確かに思っていたことに違いはないんだけど、なんかまだ書きたりないというか、なんかもっとこれは私の中で広い概念としてあるんだ。そんな気がしていた。

例えば、可愛い女の子が青い海の下でこちらを向いて笑うインスタ。子供の微笑ましい行動を描く漫画のインスタ。華やかな旅行の情報が乗ったwebページ。自身のうつ病経験をリアルに描いたブログ。自分の仕事論や価値観が溢れかえるTwitter。おしゃれな洋服をモデルのようにとるWEAR。

情報に触れると、必ず目にする、そういうものに少し疲れを感じる。なんだろう。それ自体が苦手だとか、そういうことじゃない。でもそれらを見続けることも、また自分の発信することがそのようなものになるのも、私にはちょっと違和感が残る。

それらは、誰かの物語のほんの一部であり、一側面であり、そこには身体を伴い絶えず生活を続けるほか道がない、生きるということの全体性が見えない、そんな感じがするから。勿論SNSや情報の使い方はそれぞれで、どのような情報発信をするかは、個人の自由だ。

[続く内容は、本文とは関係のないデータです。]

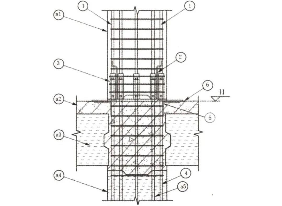 1.上部預(yù)制柱主筋;2.Ф10圓鋼;3.灌漿套筒;4.預(yù)埋接地連接板;5-40*4鍍鋅扁鋼;6.基礎(chǔ)地梁內(nèi)不小于Ф16兩根鋼筋;a3.預(yù)制柱內(nèi)主筋;a4.上部預(yù)制柱;a6.樁基承臺(tái);a7.結(jié)構(gòu)樁;a8.現(xiàn)澆柱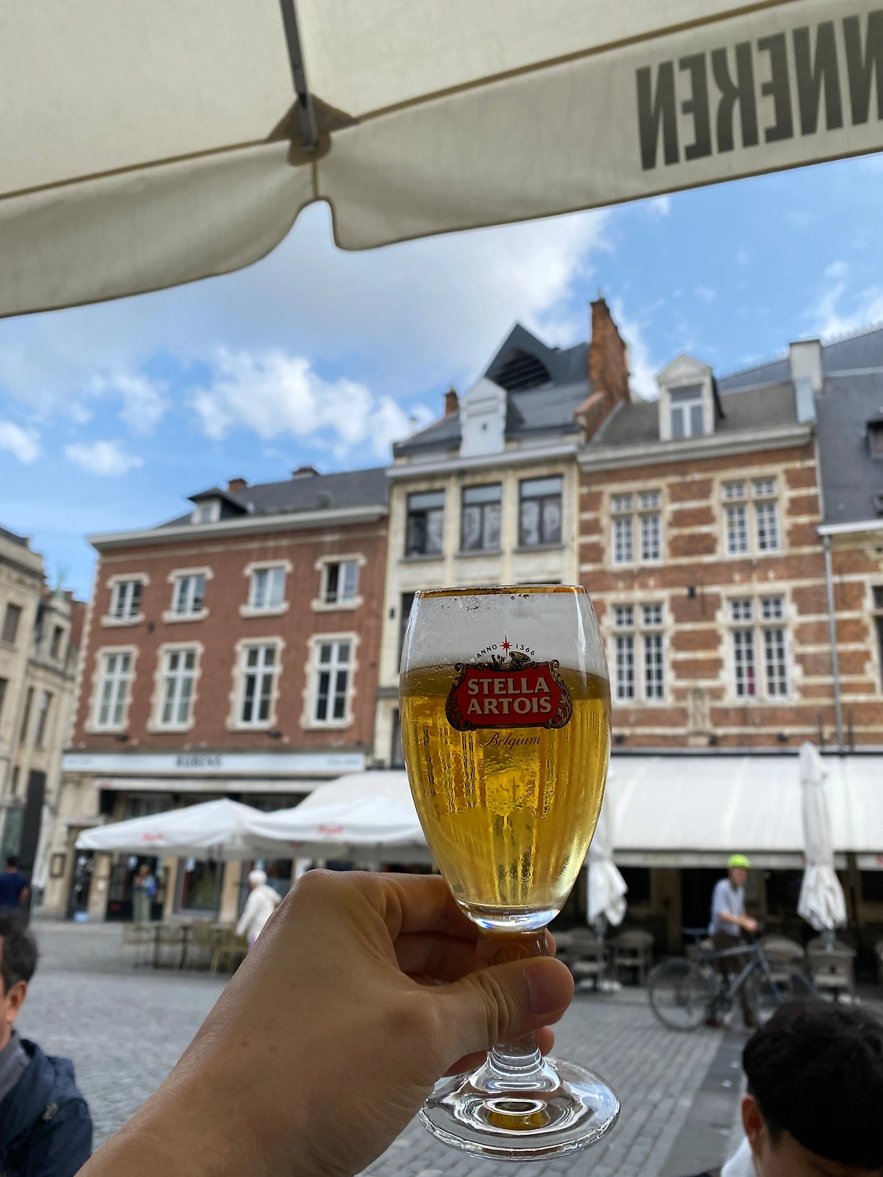 빡빡한 스케쥴로 아쉽게 스텔라 아르투아 양조장을 방문하지 못했지만 구 시청사와 성 베드로 성당 그리고 뢰벤 대학을 배경으로 스텔라 아르투아를 마시고 싶었다. 아직 오전이었지만 광장에 있는 테라스에서는 기꺼이 맥주를 판매했다. 테라스에 있던 직원은 벌써 우리의 의도를 알고 있었는지 자리에 앉자마자 스텔라 아르투아를 마시러 왔냐고 물은 뒤, 지체 없이 성배에 든 황금색 액체를 들고 나왔다.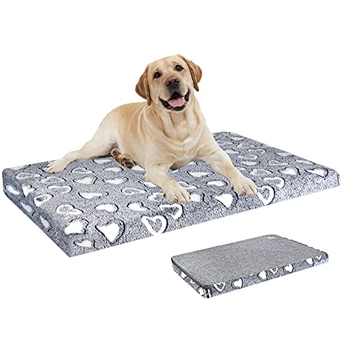 IEUUMLER Dog Bed Mat, Dual Purpose Washable Cushion, Soft Premium Plush Dog Crate Mat, Mattress for Small/Medium/Large Dogs and Cats FC014 (Gray, XL(106 * 71cm))
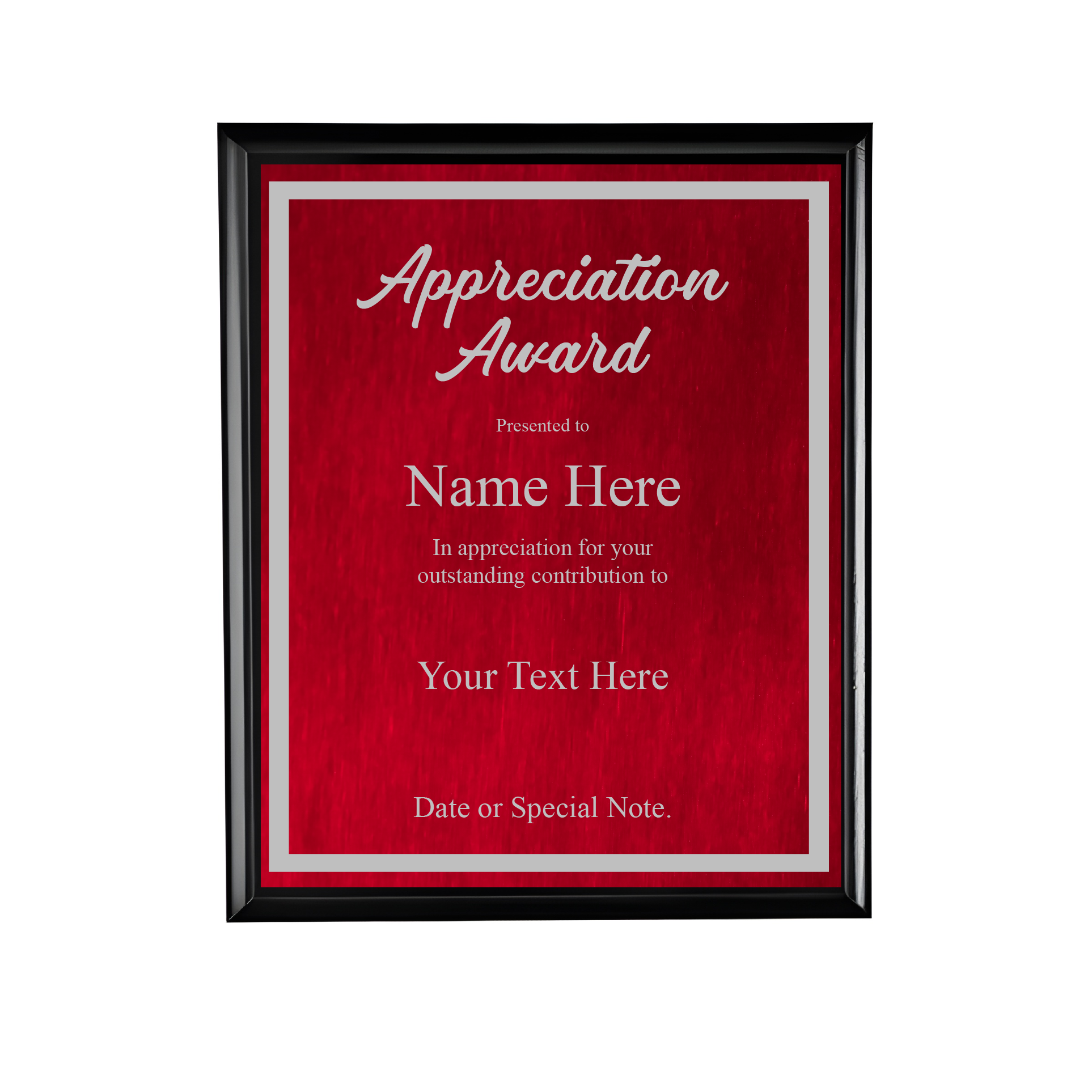 Ne vous souciez pas des compétences en matière de conception : nous sommes là pour vous aider ! Contactez une personne réelle par téléphone ou par message direct pour bénéficier de notre service de conception gratuit. Nous travaillerons avec vous pour créer la plaque parfaite qui reflète votre réussite exactement comme vous l'imaginez.

でも、そのような情報に毎日触れていると、自分の日常、生活、生きる、ことからどんどん頭や体が阻害されていく、そういう感覚がある。

今は信頼の時代だ。という。そしてそれを目に見える形にしようと、色んな容易な言葉が飛び交う。

・フォロワーを増やすためのインスタ講座・バズるツイートとは・人気アカウントの共通点・インフルエンサーになろう

むちゃくちゃ気持ち悪い。確かにフォロワーが増えて、知名度が上がり、フォローしてくれる人が増えれば、その人が人生で成し遂げたいことを支持してくれる人は増えるだろう。でも、そのために武装して切り取って、選択した情報に対して、人は信頼が欲しかったのだろうか。

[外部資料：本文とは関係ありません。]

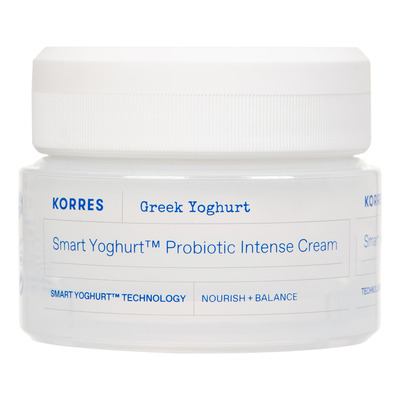 Korres Smart Yoghurt™ Probiotic Intense Cream er en rig fugtighedscreme til daglig pleje af tør og sensitiv hud. Formlen er baseret på Smart Yoghurt™-teknologi, der kombinerer ægte græsk yoghurt med præ- og probiotiske ekstrakter, havremælk og marine algenæringsstoffer. Teknologien er klinisk dokumenteret til at genoprette balancen i stresset hudmikrobiom og styrke hudbarrieren efter en uge.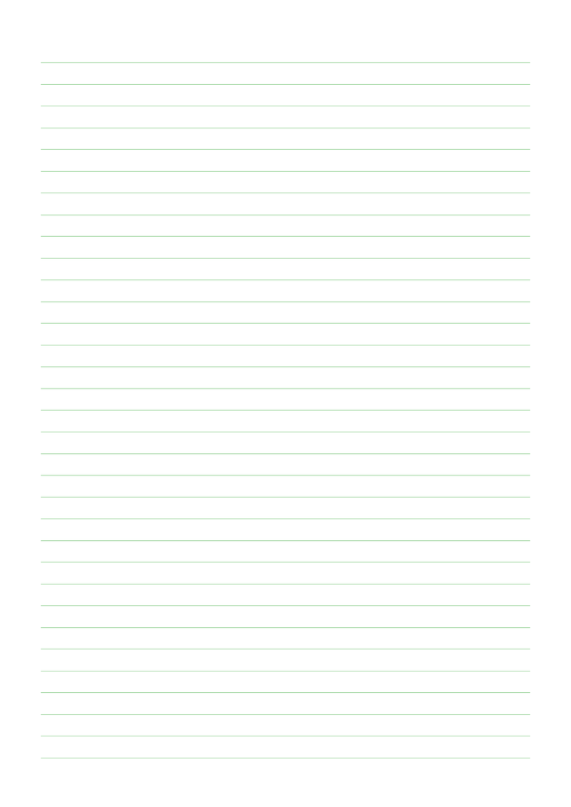 College rule is the most widely used line spacing worldwide: 8 mm between lines, fitting about 32 lines on a standard A4 sheet. It works for the majority of adult handwriting sizes and is the default in most school notebooks, legal pads, and office notepads. If you only print one style, this is it.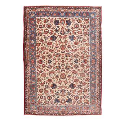 the ivory field with allover palmette and foliate vine pattern, within blue palmette and vine border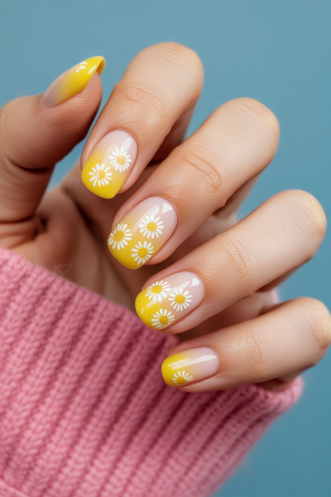 This design blends soft colors that fade smoothly from one shade to another. The gradient background sets a calm, elegant tone. Small clusters of daisies appear near the tips or sides, adding a natural and delicate detail. It works well for a fresh spring look.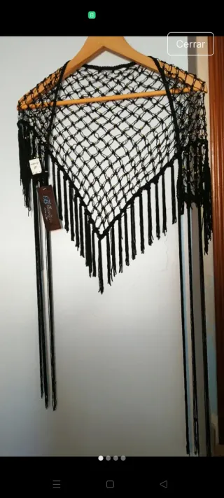 Mantoncillo negro con flecos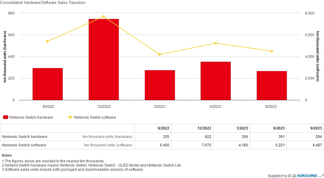 Im laufenden Geschäftsjahr möchte Nintendo rund 15 Millionen Switch-Konsolen verkaufen. Der Prognose nach müssen von Oktober 2023 bis März 2024 noch 8,16 Millionen Konsolen abgesetzt werden. Nintendo möchte die Attraktivität der Switch weiter steigern und auch mehrere Geräte pro Haushalt, idealerweise pro Person, absetzen. Auch Paketangebote und Rabattaktionen sind geplant. Die bereits veröffentlichten Titel "Super Mario Bros. Wonder", "Meisterdetektiv Pikachu kehrt zurück" und "WarioWare: Move It!" sowie kommende Games wie "Super Mario RPG" sowie Zusatzinhalte für "Pokémon Karmesin und Purpur" sollen die Verkaufszahlen ebenfalls anfeuern. "Auch andere Software-Publisher planen die Veröffentlichung einer Vielzahl von Titeln, und wir werden daran arbeiten, die Plattform zu beleben, indem wir die bestehenden Titel durch einen kontinuierlichen Strom neuer Titel und Zusatzinhalte ergänzen", so Nintendo.
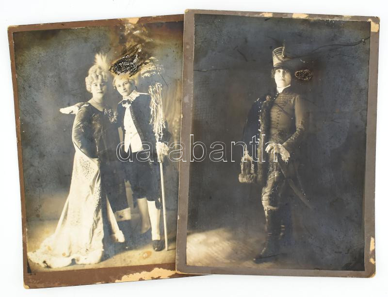 cca 1905 Fedák Sári színésznő portréja, János Vitéz jelmezben, keményhátú fotó, jelzés nélkül, felületi sérülésekkel, kissé vetemedett, 24x18 cm + egy további fotó beazonosítandó színészekkel, keményhátú fotó, jelzés nélkül, felületi sérülésekkel, kissé vetemedett, 24x18 cm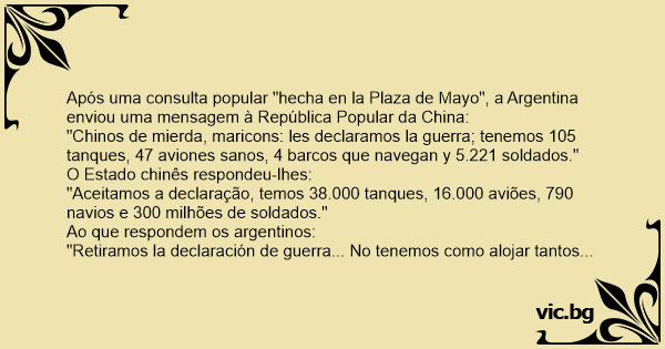 "Chinos de мiеrdа, maricons: les declaramos la guerra; tenemos 105 tanques, 47 aviones sanos, 4 barcos que navegan y 5.221 soldados."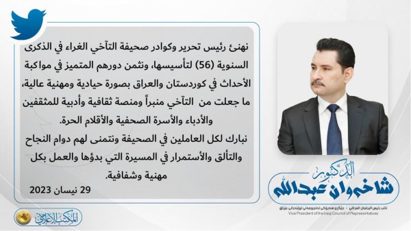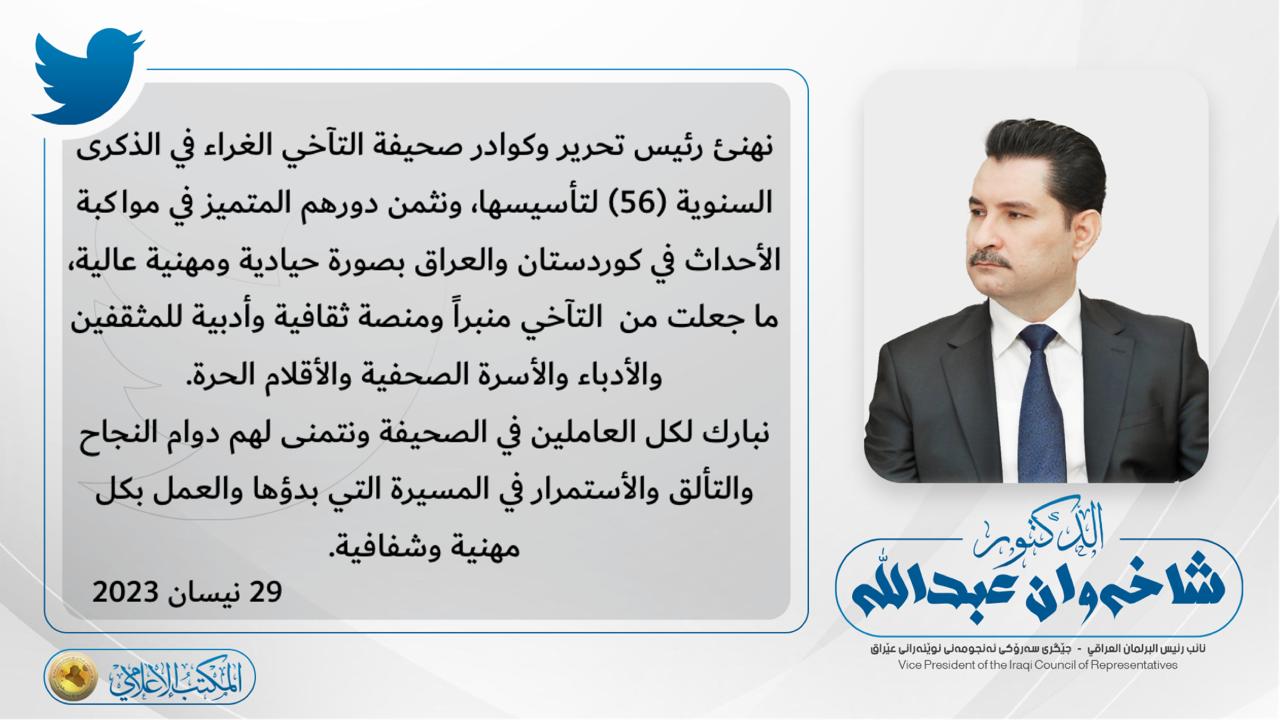 وجه نائب رئيس مجلس النواب العراقي د.شاخوان عبدالله أحمد اليوم السبت 2023/4/29 برقية تهنئـة إلى رئيس تحرير وكوادر صحيفة التآخي الغراء في الذكرى السنوية الـسادسة والخمسون لأنطلاقتها.

SNSの普及によって、より個人が簡単に発信をすることができるようになった。すごい社会だと思う。”芸能人”て括りなんて、そのうちなくなってていくのかな。より多くの人の声が、容易に私たちに届くようになったと思う。

ただ、それらのストーリーはいつも、より断片的で、一面的なものになった。自分の人生を生きるという目的のための発信ではなく、自分の人生を生きるための信頼を獲得するための手段に成り下がってきた。なんども言うけど、それ自体が悪いわけではないと思う。ただ、私たちが常に触れている情報たちが、世界の誰かの物語の一部でしかないことを常に忘れないようにしたい。

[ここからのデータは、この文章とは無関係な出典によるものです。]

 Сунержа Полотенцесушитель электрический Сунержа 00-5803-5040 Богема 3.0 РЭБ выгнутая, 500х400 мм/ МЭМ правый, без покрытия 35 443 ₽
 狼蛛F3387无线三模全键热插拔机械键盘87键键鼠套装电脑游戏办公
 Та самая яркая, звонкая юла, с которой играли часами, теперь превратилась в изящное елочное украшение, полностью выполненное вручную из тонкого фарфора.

私は情報として浮かび上がってくる世界と、自分が生きている身体を伴う連続性のある世界とのその隙間の存在をいつも意識していたい。そうしないと、気がついたら自分の身体性を伴う社会から自分が阻害されてしまっている、そんな怖さを感じるから。私は少なくとも今のところ、身体と結びつけられ、逃げ場がなく、容易な切り取りが不可能なそういう世界というものの中で生きざるを得ないし、そこに自分が存在することが悪くないと感じているから。